* **DATA RECORDS**
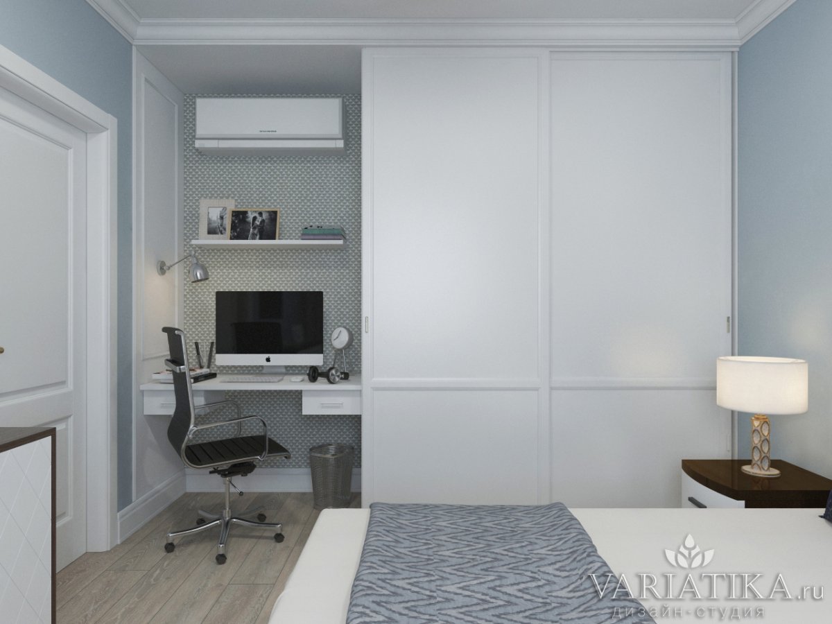 Фото: Встраиваемый шкаф купе в спальню с рабочей зоной
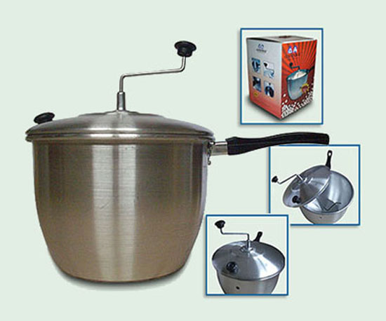 Embalada en caja (35 x 26 x 26 cm), con práctico instructivo para preparar unos ríquisimos pochoclos. Mango de bakelita
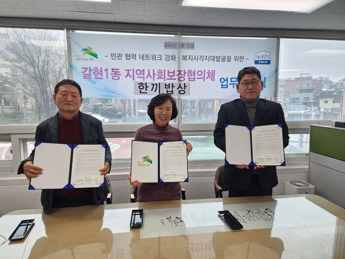 [시민일보 = 이대우 기자] 서울 은평구(구청장 김미경) 갈현1동은 최근 지역사회보장협의체와 ‘한끼밥상’ 식당이 복지 사각지대 발굴을 위한 업무협약을 체결했다고 밝혔다.
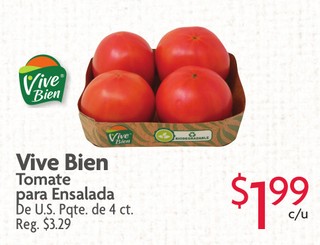 Vive bien tomate para ensalada de u.s. pqte. de 4 ct.
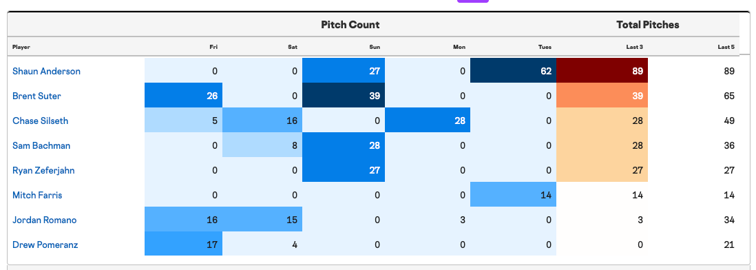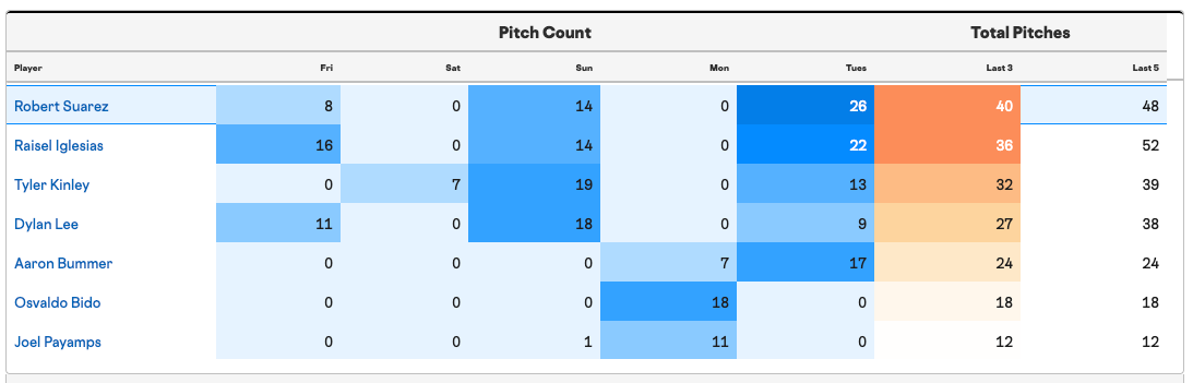 Robert Suarez and Raisel Iglesias are guys that you’d like to give the day off from a pitch count perspective, but that likely won’t happen today of it’s a close game. Aaron Bummer probably won’t be asked to pitch three consecutive days unless it’s an emergency (or they don’t want to trust José Suarez as the second lefty out in any sort of leverage situation)
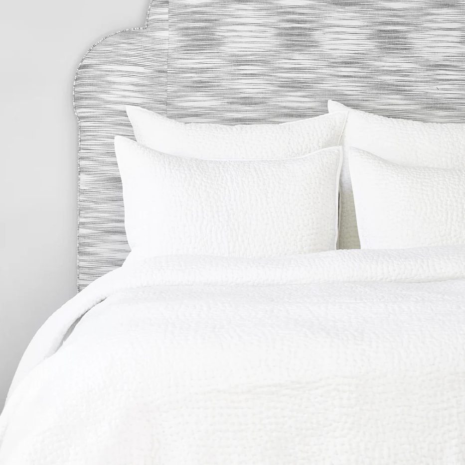 These super fine cotton voile coverlets are patiently & meticulously stitched by hand. Crafted in thin layers of organic white cotton voile and lined with cotton batting, only the super fine fabric brushes against your skin, not the stitches themselves. These shams are so light, yet so warm – ideal for year round sleeping. Available in beautiful range of vibrant threads on contrasting white background; Colors coordinate with other John Robshaw bedding. Sold individually.

* **TASK DIRECTIONS**
In the records above, find the line with "[시민일보 = 이대우" and the line with "Vive bien tomate", then restate word for word only those two lines and all lines between, omitting pictures.

* **SOLVED PROBLEM**
 [시민일보 = 이대우 기자] 서울 은평구(구청장 김미경) 갈현1동은 최근 지역사회보장협의체와 ‘한끼밥상’ 식당이 복지 사각지대 발굴을 위한 업무협약을 체결했다고 밝혔다.
 Vive bien tomate para ensalada de u.s. pqte. de 4 ct.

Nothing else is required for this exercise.